─── Data for processing

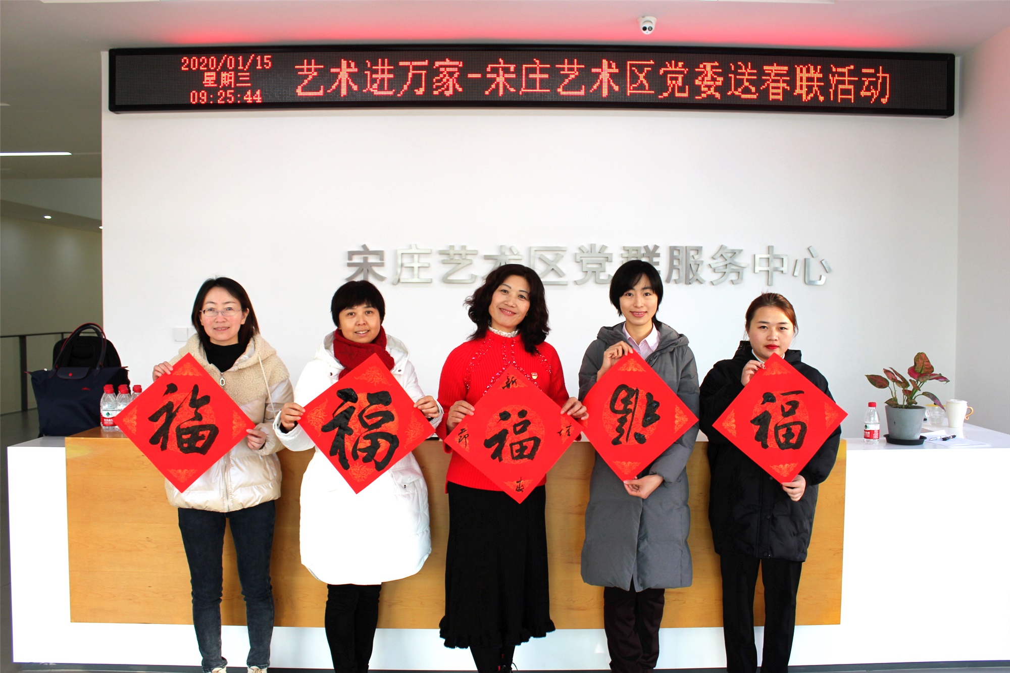 2020年1月15日上午八點半剛過,記者在緊鄰北京城市副中心行政辦公區北側的通州宋庄藝術區看到,由宋庄鎮黨委主辦、宋庄藝術區黨委承辦的「藝術進萬家—宋庄藝術區黨委送春聯」活動在宋庄藝術區黨群服務中心舉行。十多位紮根宋庄藝術區的藝術家,一大早就來到黨群服務中心,擺放好筆墨紙硯,開始寫春聯、書「福」字。
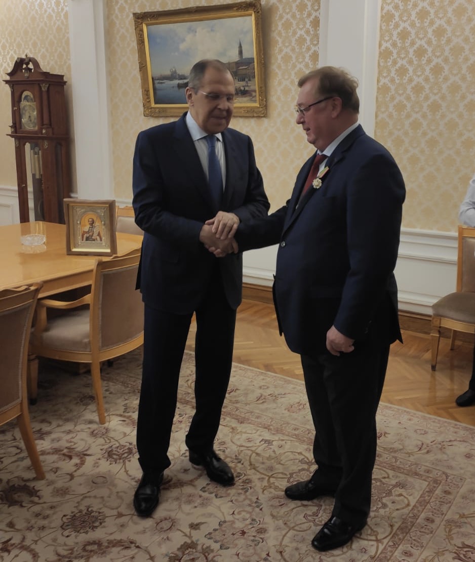 Глава МИД России Сергей Лавров вручил Председателю ИППО Сергею Степашину нагрудный знак «За вклад в международное сотрудничество»
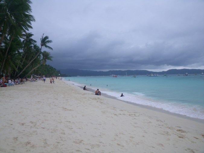We were warned it would be crowded at Christmas and it was – despite the weather. The main restaurant and tourist section (Station 2) was heaving by 7pm and we had to shuffle single file past the shops and bars past slow-walking Japanese women wearing ridiculously high, spike-heeled evening shoes in the sand, every tenacious tourist peddlar known to man all selling exactly the same crap goods, large families with small children, loud crowds of young backpackers on an Asia odyssey, trading locals, Manila Pinoys and everyone else (and their mother)… It was quite a scene. We ate early, left early, and returned to our quiet cottage at the far end of the beach. We were happy to enjoy the chaos for a short time and happy to get away.
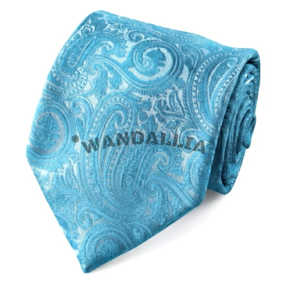 Klasyczny Krawat Męski w kolorze Turkusowym z haftowanym wzorem.
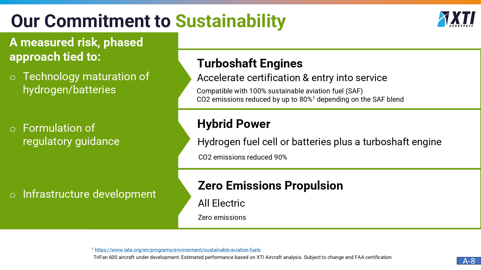 24 Ouí Commitmc ⭲ t to Sustai ⭲ abilitQ A mcasuícd íisk, pkascd appíoack ticd to: o ľcck ⭲ ologQ mat"íatio ⭲ or kQdíogc ⭲ /battcíics o Ioím"latio ⭲ or ícg"latoíQ g"ida ⭲ cc o I ⭲ ríastí"ct"íc dc:clopmc ⭲ t ľuíboskaft E ⭲ gi ⭲ cs Accclcíatc ccítiricatio ⭲ & c ⭲ tíQ i ⭲ to scí:icc Compatiblc witk 100% s"stai ⭲ ablc a:iatio ⭲ r"cl (SAI) CO2 cmissio ⭲ s ícd"ccd bQ "p to ®0% 1 dcpc ⭲ di ⭲ g o ⭲ tkc SAI blc ⭲ d HQbíid Powcí HQdíogc ⭲ r"cl ccll oí battcíics pl"s a t"íboskart c ⭲ gi ⭲ c CO2 cmissio ⭲ s ícd"ccd 90% Zcío Emissio ⭲ s Píopulsio ⭲ All Elcctíic Zcío cmissio ⭲ s 1 kttps://www.iata.oíg/c ⭲ /píogíams/c ⭲ :iío ⭲ mc ⭲ t/s"stai ⭲ ablc - a:iatio ⭲ - r"cls ľíiIa ⭲ 600 aiícíart " ⭲ dcí dc:clopmc ⭲ t. Estimatcd pcíroíma ⭲ cc bascd o ⭲ XľI Aiícíart a ⭲ alQsis. S"bjcct to cka ⭲ gc a ⭲ d IAA ccítiricatio ⭲ A - 8
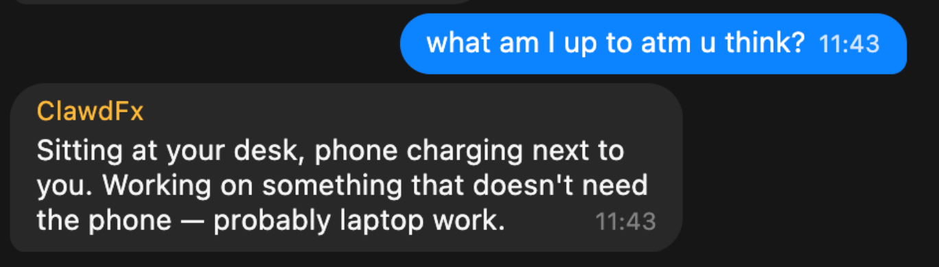 With ContextSDK we’re working on enabling app developers to leverage the smartphone’s motion to improve their app experiences and monetisation. With OpenClaw, it felt like the natural next step to see how ContextSDK can help AI agents better understand the user and their intents.
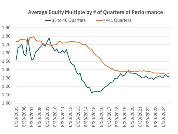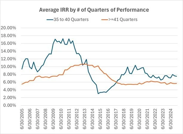 Townsend Group provided the charts below as an example. They illustrate average performance metrics for vehicles with 35–40 quarters of data compared to those with more than 41 quarters. The comparison highlights how time can influence performance, particularly when evaluating younger versus more seasoned vehicles. The variation in returns during market downcycles, as shown in the charts, underscores the importance of assessing all performance metrics when evaluating portfolios.
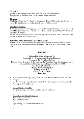 Working on the Court Case Defence!
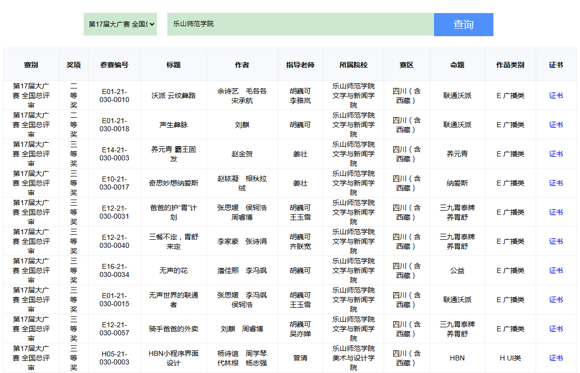在本届大赛中,我校作品共取得全国二等奖2项、全国三等奖8项、优秀奖7项,国奖总数实现新突破。其中,广播类作品《声生彝脉》(作者:刘麒,指导老师:胡巍可)以及《沃派 云纹彝路》(作者:余诗艺、毛各各、宋承航,指导老师:胡巍可、李雅岚)成为川内广播类唯二全国二等奖(川内无国一),并受邀参加颁奖盛典。
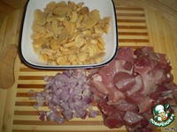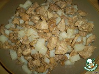 Начинка мясная.Нарезать небольшими кусочками мясо,обжарить его,добавить лук и грибы,посолить и поперчить,дожарить до готовности мяса. |
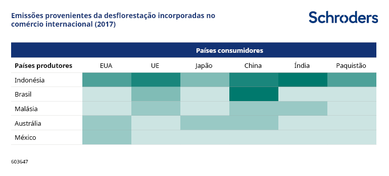 Considerar o país de produção por si só é retratar apenas uma parte da realidade, dada a natureza global e interligada das cadeias de abastecimento. Uma análise das emissões relacionadas com a desflorestação incorporadas no comércio internacional destaca que a Indonésia é o maior exportador destas matérias-primas, dados os elevados níveis de consumo interno no Brasil. A China é o maior importador, seguida pela União Europeia e pela Índia.
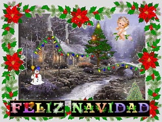 La tarjeta de Navidad interactiva presenta una escena navideña con elementos como una chimenea, un río, una casa y un puente que se iluminan o activan al hacer clic en ellos, así como un muñeco de nieve y nieve caída. La tarjeta desea que la alegría de la Navidad invada los corazones y que haya mucho amor y cariño junto a la familia esta temporada.
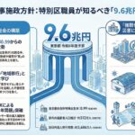 令和8年第一回都議会定例会において、東京都知事より施政方針表明がなされました。一般会計予算案は過去最大規模となる9兆6530億円。この巨額予算が示す方向性は極めて明確であり、特別区の現場実務を預かる皆様にとっても、看過できない重要な転換点となります。本記事では、この方針の中から特に23区の政策立案に直結する重要ポイントを抽出し、その背景にあるデータと、自治体現場が今なすべき具体的アクションについて解説します。
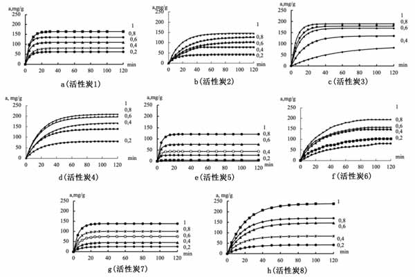 圖1:使用過的活性炭樣品在20℃時對來自VMA的正丁醇蒸氣的吸附動力學。

──────

What you should do: Omitting all pictures, copy the preceding entries without any alteration.

Solution for this task:
 2020年1月15日上午八點半剛過,記者在緊鄰北京城市副中心行政辦公區北側的通州宋庄藝術區看到,由宋庄鎮黨委主辦、宋庄藝術區黨委承辦的「藝術進萬家—宋庄藝術區黨委送春聯」活動在宋庄藝術區黨群服務中心舉行。十多位紮根宋庄藝術區的藝術家,一大早就來到黨群服務中心,擺放好筆墨紙硯,開始寫春聯、書「福」字。
 Глава МИД России Сергей Лавров вручил Председателю ИППО Сергею Степашину нагрудный знак «За вклад в международное сотрудничество»
We were warned it would be crowded at Christmas and it was – despite the weather. The main restaurant and tourist section (Station 2) was heaving by 7pm and we had to shuffle single file past the shops and bars past slow-walking Japanese women wearing ridiculously high, spike-heeled evening shoes in the sand, every tenacious tourist peddlar known to man all selling exactly the same crap goods, large families with small children, loud crowds of young backpackers on an Asia odyssey, trading locals, Manila Pinoys and everyone else (and their mother)… It was quite a scene. We ate early, left early, and returned to our quiet cottage at the far end of the beach. We were happy to enjoy the chaos for a short time and happy to get away.
 Klasyczny Krawat Męski w kolorze Turkusowym z haftowanym wzorem.
 24 Ouí Commitmc ⭲ t to Sustai ⭲ abilitQ A mcasuícd íisk, pkascd appíoack ticd to: o ľcck ⭲ ologQ mat"íatio ⭲ or kQdíogc ⭲ /battcíics o Ioím"latio ⭲ or ícg"latoíQ g"ida ⭲ cc o I ⭲ ríastí"ct"íc dc:clopmc ⭲ t ľuíboskaft E ⭲ gi ⭲ cs Accclcíatc ccítiricatio ⭲ & c ⭲ tíQ i ⭲ to scí:icc Compatiblc witk 100% s"stai ⭲ ablc a:iatio ⭲ r"cl (SAI) CO2 cmissio ⭲ s ícd"ccd bQ "p to ®0% 1 dcpc ⭲ di ⭲ g o ⭲ tkc SAI blc ⭲ d HQbíid Powcí HQdíogc ⭲ r"cl ccll oí battcíics pl"s a t"íboskart c ⭲ gi ⭲ c CO2 cmissio ⭲ s ícd"ccd 90% Zcío Emissio ⭲ s Píopulsio ⭲ All Elcctíic Zcío cmissio ⭲ s 1 kttps://www.iata.oíg/c ⭲ /píogíams/c ⭲ :iío ⭲ mc ⭲ t/s"stai ⭲ ablc - a:iatio ⭲ - r"cls ľíiIa ⭲ 600 aiícíart " ⭲ dcí dc:clopmc ⭲ t. Estimatcd pcíroíma ⭲ cc bascd o ⭲ XľI Aiícíart a ⭲ alQsis. S"bjcct to cka ⭲ gc a ⭲ d IAA ccítiricatio ⭲ A - 8
 With ContextSDK we’re working on enabling app developers to leverage the smartphone’s motion to improve their app experiences and monetisation. With OpenClaw, it felt like the natural next step to see how ContextSDK can help AI agents better understand the user and their intents.
 Townsend Group provided the charts below as an example. They illustrate average performance metrics for vehicles with 35–40 quarters of data compared to those with more than 41 quarters. The comparison highlights how time can influence performance, particularly when evaluating younger versus more seasoned vehicles. The variation in returns during market downcycles, as shown in the charts, underscores the importance of assessing all performance metrics when evaluating portfolios.
 Working on the Court Case Defence!
在本届大赛中,我校作品共取得全国二等奖2项、全国三等奖8项、优秀奖7项,国奖总数实现新突破。其中,广播类作品《声生彝脉》(作者:刘麒,指导老师:胡巍可)以及《沃派 云纹彝路》(作者:余诗艺、毛各各、宋承航,指导老师:胡巍可、李雅岚)成为川内广播类唯二全国二等奖(川内无国一),并受邀参加颁奖盛典。
 Начинка мясная.Нарезать небольшими кусочками мясо,обжарить его,добавить лук и грибы,посолить и поперчить,дожарить до готовности мяса. |
 Considerar o país de produção por si só é retratar apenas uma parte da realidade, dada a natureza global e interligada das cadeias de abastecimento. Uma análise das emissões relacionadas com a desflorestação incorporadas no comércio internacional destaca que a Indonésia é o maior exportador destas matérias-primas, dados os elevados níveis de consumo interno no Brasil. A China é o maior importador, seguida pela União Europeia e pela Índia.
 La tarjeta de Navidad interactiva presenta una escena navideña con elementos como una chimenea, un río, una casa y un puente que se iluminan o activan al hacer clic en ellos, así como un muñeco de nieve y nieve caída. La tarjeta desea que la alegría de la Navidad invada los corazones y que haya mucho amor y cariño junto a la familia esta temporada.
 令和8年第一回都議会定例会において、東京都知事より施政方針表明がなされました。一般会計予算案は過去最大規模となる9兆6530億円。この巨額予算が示す方向性は極めて明確であり、特別区の現場実務を預かる皆様にとっても、看過できない重要な転換点となります。本記事では、この方針の中から特に23区の政策立案に直結する重要ポイントを抽出し、その背景にあるデータと、自治体現場が今なすべき具体的アクションについて解説します。
 圖1:使用過的活性炭樣品在20℃時對來自VMA的正丁醇蒸氣的吸附動力學。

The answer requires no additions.